■ **Supplied data**

········

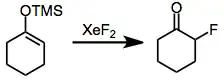 Jako selektivní monofluorační činidlo může sloužit fluorid xenonatý, xenoničitý nebo xenonový. Nestabilita a vysoká cena těchto sloučenin však způsobuje, že se využívají méně než dusíkatá fluorační činidla.[17]
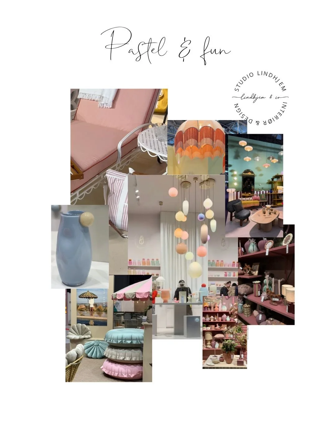 Pastell i rosa, grønt, gult og blått og morsomt interiør. Lekent interiør på både vaser, lysestaker lamper og dekor.
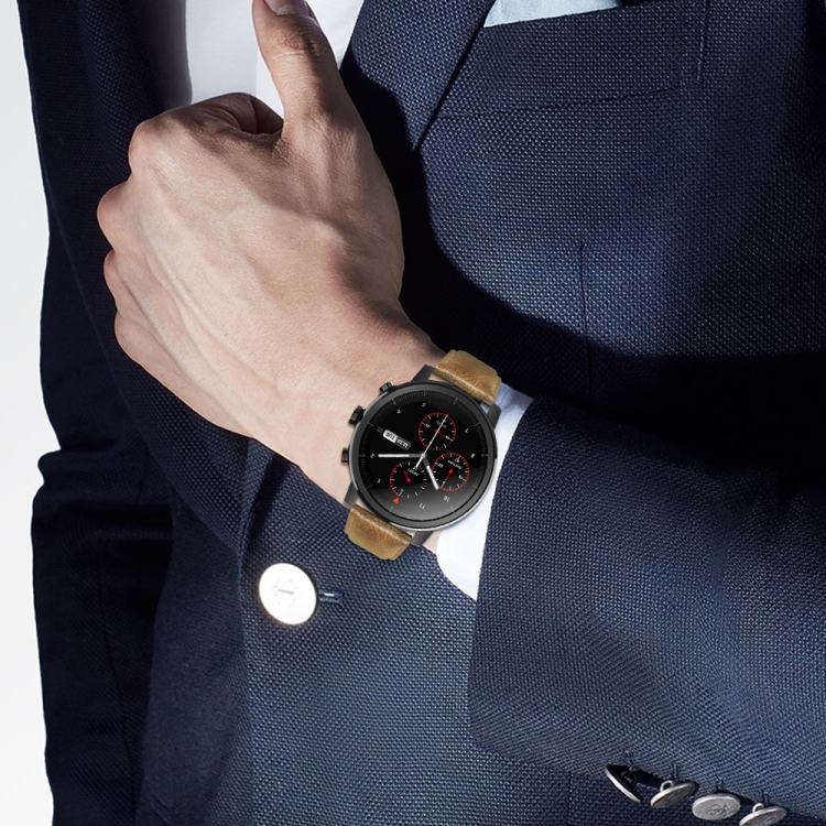 Correa de Reloj Amazfit 2 Stratos Cuero Genuino con Cera de Aceite (Marrón Amarillo)

········

■ **Exercise prompt**
Each line of the data above needs to be retyped as it is, without any picture.

■ **Your solution**
 Jako selektivní monofluorační činidlo může sloužit fluorid xenonatý, xenoničitý nebo xenonový. Nestabilita a vysoká cena těchto sloučenin však způsobuje, že se využívají méně než dusíkatá fluorační činidla.[17]
 Pastell i rosa, grønt, gult og blått og morsomt interiør. Lekent interiør på både vaser, lysestaker lamper og dekor.
 Correa de Reloj Amazfit 2 Stratos Cuero Genuino con Cera de Aceite (Marrón Amarillo)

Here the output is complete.